### Records supplied
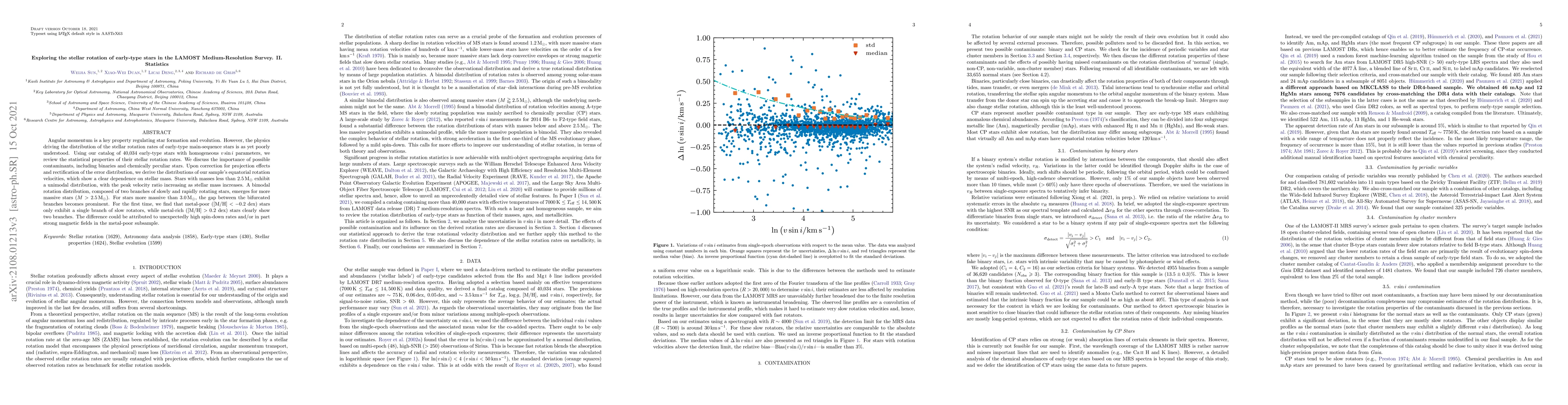 This paper analyzes the rotation of 40,034 early-type stars from the LAMOST survey, revealing a unimodal rotation distribution for stars with masses below $2.5\ {M_\odot}$ and a bimodal distribution for more massive stars. The study highlights a distinct gap in rotation rates for stars above $3.0\ {M_\odot}$ and notes a difference in rotation patterns between metal-poor and metal-rich stars.
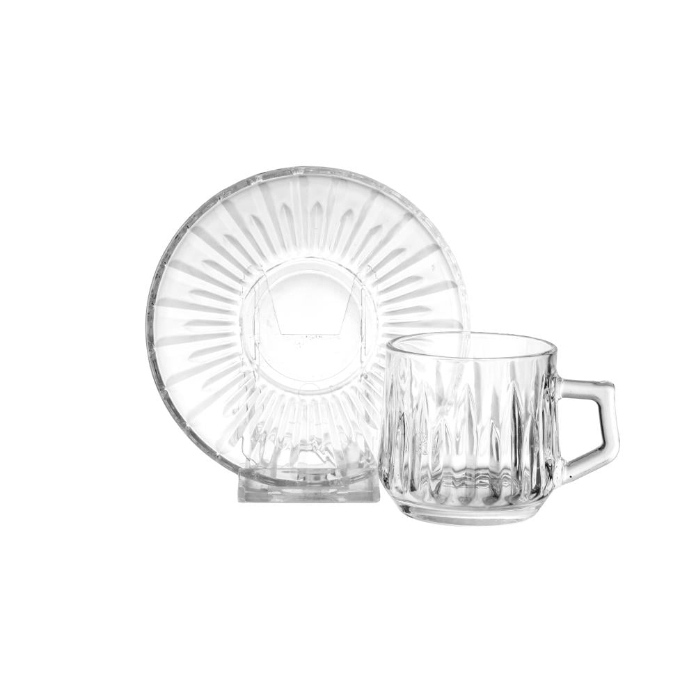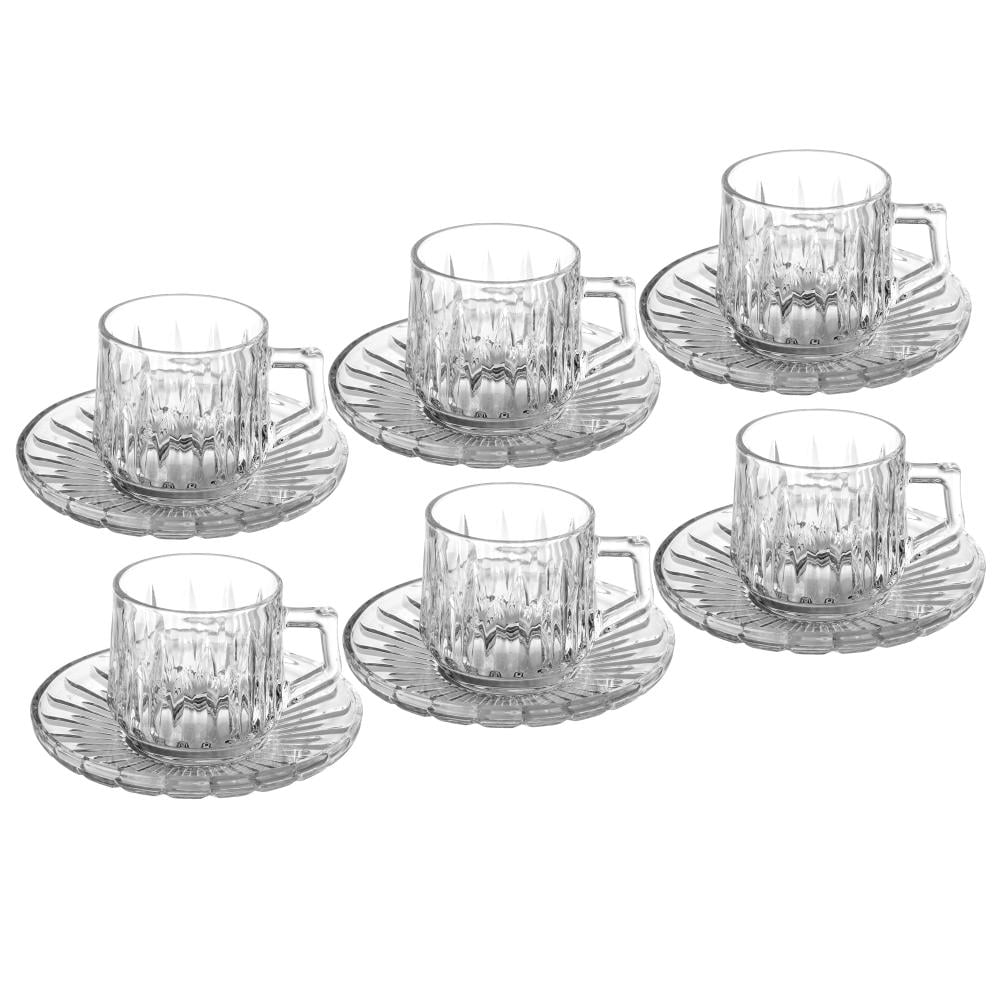 طقم اكواب شاي زجاج محفور مخطط بتصميم انيق ومميز 6 اشخاص 12 قطعة 185 مل
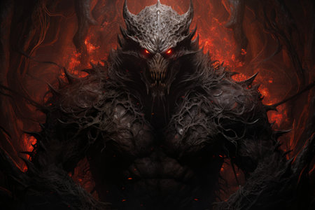 the demon, engulfed in flames, stands tall in the depths of hell, its full body a testament to its malevolent power, with razor-sharp horns, glowing red eyes, and massive wings spread wide, exuding an aura of terror and darkness in this eerie underworld scene. ai generated
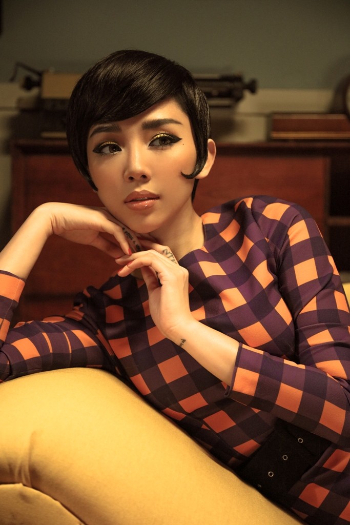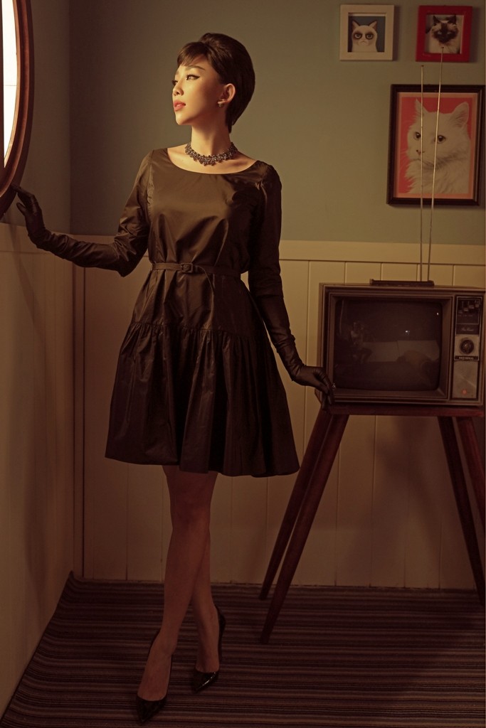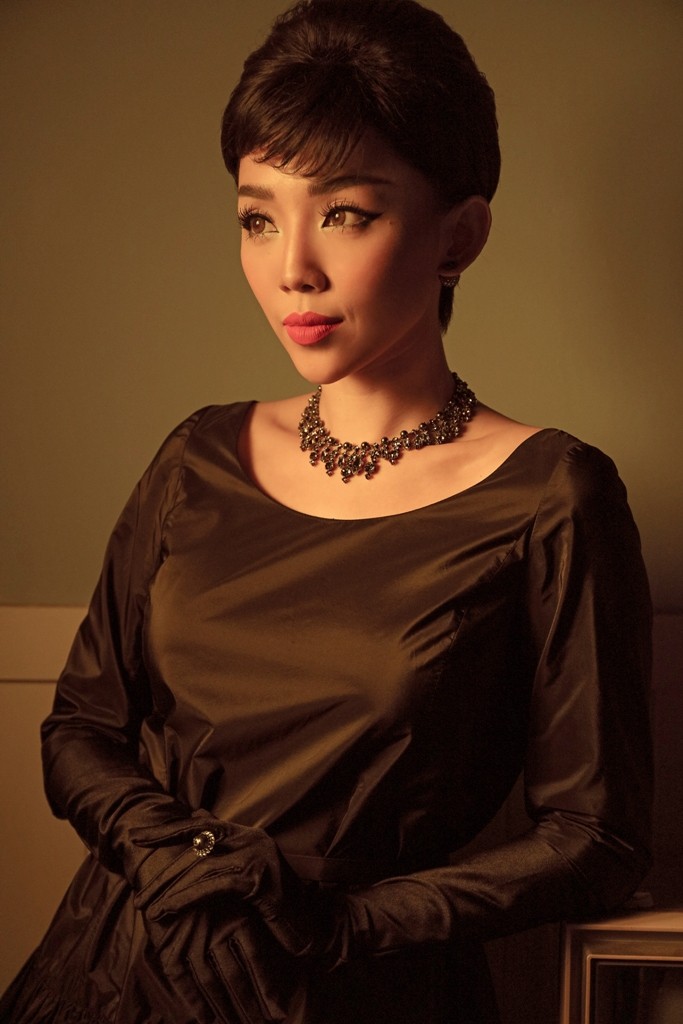 Với nguồn cảm hứng thời trang từ thập niên 60, Tóc Tiên thể hiện hình ảnh đầy cổ điển, từ phong cách trang điểm mắt mèo cầu kỳ đến bộ trang phục gợi nhớ “little dress” huyền thoại của làng mốt thế giới.
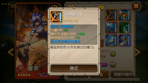 屠芙的觉醒装备:淬火屠刀,进一步加强了屠芙的力量,最大生命值和攻击力,增加了屠芙在战场上的战斗力。
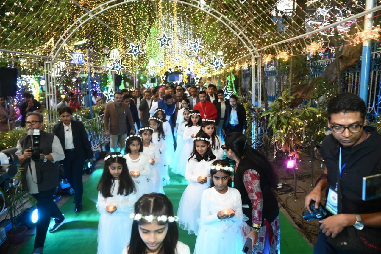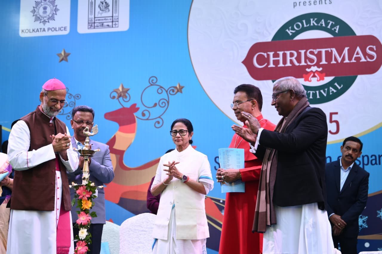 বাংলা সব ধর্মকে সম্মান করে। তবু কেউ কেউ রাজ্যকে বদনাম করার চেষ্টা করেন। বৃহস্পতিবার কলকাতা ক্রিসমাস ফেস্টিভ্যালের উদ্বোধন মঞ্চ থেকে উৎসব ও সম্প্রীতির বার্তা দিলেন মুখ্যমন্ত্রী মমতা বন্দ্যোপাধ্যায় (Mamata Banerjee)। প্রতিবছরের মতো এ বারও পার্ক স্ট্রিট সংলগ্ন অ্যালেন পার্কে কলকাতা ক্রিসমাস ফেস্টিভ্যালের (Kolkata Christmas Festival) উদ্বোধন করেন রাজ্যের প্রশাসনিক প্রধান। ছিলেন মন্ত্রী ফিরহাদ হাকিম, ইন্দ্রনীল সেন, সাংসদ মালা রায়, সুব্রত বক্সী, নগরপাল মনোজ ভার্মা, মুখ্য সচিব মনোজ পন্থ, মোস্ট রেভারেন্ড ড. এলিয়াস ফ্র্যাঙ্ক (আর্চ বিশপ অফ কলকাতা), মোস্ট রেভারেন্ড ড. পরিতোষ ক্যানিং (মডারেটর, চার্জ অফ ইন্ডিয়া অ্যান্ড আর্চ বিশপ অফ কলকাতা)। সঞ্চালকের ভূমিকায় ছিলেন সাংসদ ডেরেক’ও ব্রায়ান।

### Assignment
Repeat the material above word for word; no images go in the copy.

### Answer to this exercise
 This paper analyzes the rotation of 40,034 early-type stars from the LAMOST survey, revealing a unimodal rotation distribution for stars with masses below $2.5\ {M_\odot}$ and a bimodal distribution for more massive stars. The study highlights a distinct gap in rotation rates for stars above $3.0\ {M_\odot}$ and notes a difference in rotation patterns between metal-poor and metal-rich stars.
 طقم اكواب شاي زجاج محفور مخطط بتصميم انيق ومميز 6 اشخاص 12 قطعة 185 مل
 the demon, engulfed in flames, stands tall in the depths of hell, its full body a testament to its malevolent power, with razor-sharp horns, glowing red eyes, and massive wings spread wide, exuding an aura of terror and darkness in this eerie underworld scene. ai generated
 Với nguồn cảm hứng thời trang từ thập niên 60, Tóc Tiên thể hiện hình ảnh đầy cổ điển, từ phong cách trang điểm mắt mèo cầu kỳ đến bộ trang phục gợi nhớ “little dress” huyền thoại của làng mốt thế giới.
 屠芙的觉醒装备:淬火屠刀,进一步加强了屠芙的力量,最大生命值和攻击力,增加了屠芙在战场上的战斗力。
 বাংলা সব ধর্মকে সম্মান করে। তবু কেউ কেউ রাজ্যকে বদনাম করার চেষ্টা করেন। বৃহস্পতিবার কলকাতা ক্রিসমাস ফেস্টিভ্যালের উদ্বোধন মঞ্চ থেকে উৎসব ও সম্প্রীতির বার্তা দিলেন মুখ্যমন্ত্রী মমতা বন্দ্যোপাধ্যায় (Mamata Banerjee)। প্রতিবছরের মতো এ বারও পার্ক স্ট্রিট সংলগ্ন অ্যালেন পার্কে কলকাতা ক্রিসমাস ফেস্টিভ্যালের (Kolkata Christmas Festival) উদ্বোধন করেন রাজ্যের প্রশাসনিক প্রধান। ছিলেন মন্ত্রী ফিরহাদ হাকিম, ইন্দ্রনীল সেন, সাংসদ মালা রায়, সুব্রত বক্সী, নগরপাল মনোজ ভার্মা, মুখ্য সচিব মনোজ পন্থ, মোস্ট রেভারেন্ড ড. এলিয়াস ফ্র্যাঙ্ক (আর্চ বিশপ অফ কলকাতা), মোস্ট রেভারেন্ড ড. পরিতোষ ক্যানিং (মডারেটর, চার্জ অফ ইন্ডিয়া অ্যান্ড আর্চ বিশপ অফ কলকাতা)। সঞ্চালকের ভূমিকায় ছিলেন সাংসদ ডেরেক’ও ব্রায়ান।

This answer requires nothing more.